Part 5(b). Given any input distribution \(P[X_1, X_2]\), define

\[ Q[X_1, X_2] := P[X_1] \, P[X_2], \]

i.e. the product of the marginals. Show that \(\mathrm{MI}_Q(X;\, Y) \geq \mathrm{MI}_P(X;\, Y)\).

Hint for Part 5(b)

Under \(Q\), the inputs are independent. What happens to \(\mathrm{MI}(Y_1;\, Y_2)\) when \(X_1 \perp\!\!\!\perp X_2\), given the channel factorization? Use Part 5(a).

Further hint for Part 5(b)

Under \(Q\), the inputs are independent, so the outputs are too: \(\mathrm{MI}_Q(Y_1; Y_2) = 0\). Meanwhile, \(Q\) preserves the marginals of \(X_1\) and \(X_2\), so the single-channel terms do not change. By the decomposition in Part 5(a), \(\mathrm{MI}_Q(X; Y) \geq \mathrm{MI}_P(X; Y)\).

Part 5(c). Use Part 5(b) to conclude that there always exists a throughput-maximizing input distribution under which \(X_1 \perp\!\!\!\perp X_2\).

Hint for Part 5(c)

Let \(P^*\) be any throughput-maximizing distribution and construct \(Q^* = P^*[X_1] P^*[X_2]\). By Part 5(b), \(\mathrm{MI}_{Q^*}(X; Y) \geq \mathrm{MI}_{P^*}(X; Y)\).

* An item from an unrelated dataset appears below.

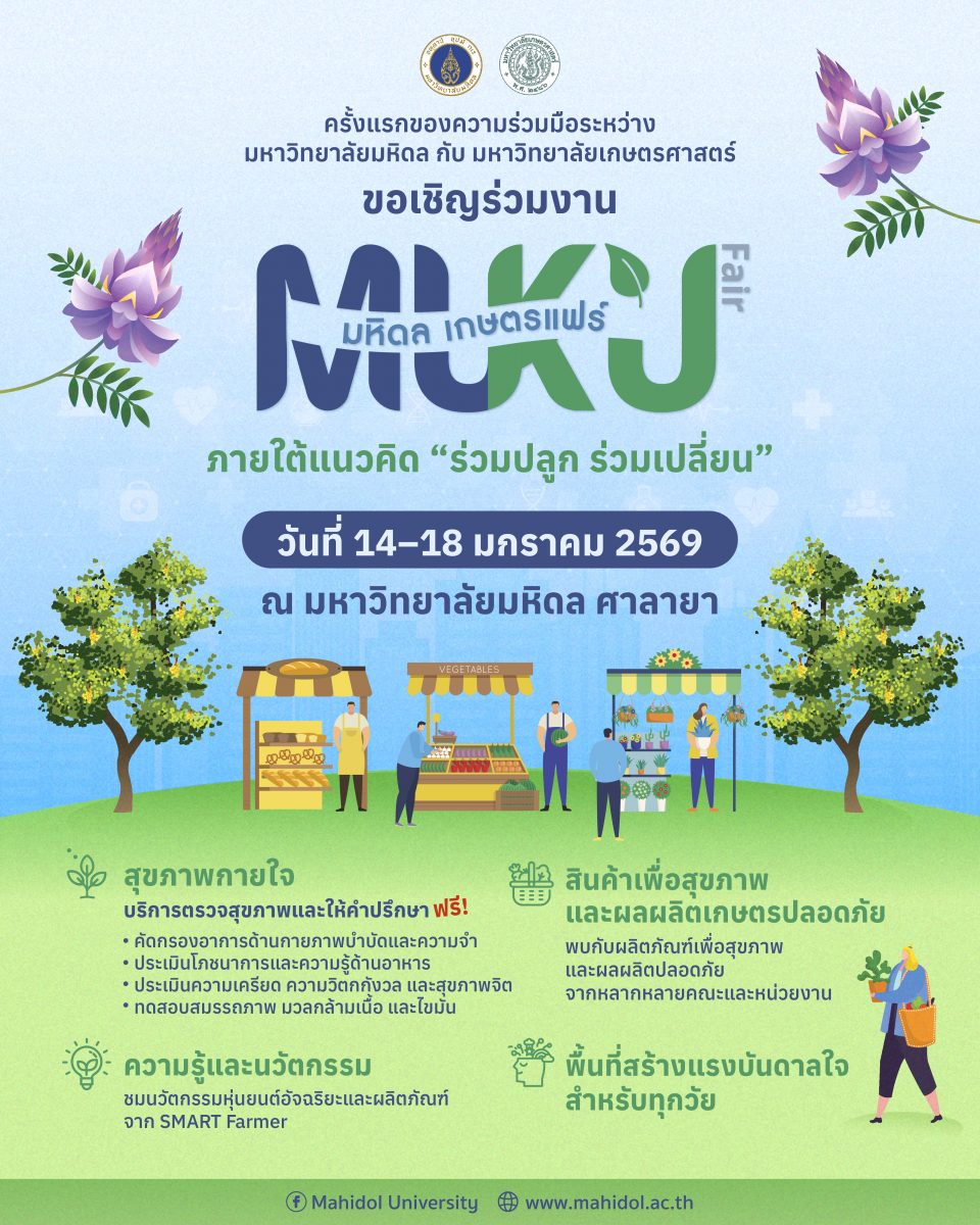 ขอเชิญชวนประชาชนร่วมเป็นส่วนหนึ่งของพลังการเปลี่ยนแปลง “ร่วมปลูก” องค์ความรู้ และ “ร่วมเปลี่ยน” อนาคตไปด้วยกัน ในงาน “มหิดล – เกษตรแฟร์ 2569” ระหว่างวันที่ 14-18 มกราคม 2569 ณ มหาวิทยาลัยมหิดล ศาลายา

Since \(P^*\) was already optimal, equality must hold, so \(Q^*\) is also optimal and has independent inputs.

Remark. This result has a natural interpretation in terms of optimization and agency. Think of \(X\) as the actions of an agent and \(Y\) as the outcomes it cares about. The channel \(P[Y \mid X]\) — how actions influence outcomes — is fixed by the environment and outside the agent’s control; the agent only gets to choose its policy \(P[X]\). The factorization condition on \(P[Y \mid X]\) says that the environment is modular: the two groups of outcomes \(Y_1\) and \(Y_2\) are each influenced only by their respective actions \(X_1\) and \(X_2\). Our theorem says that if the environment is modular in this sense, then the agent can always find an optimal policy that is modular in a corresponding sense — specifically, the two groups of actions need not be coordinated at all and can be chosen independently.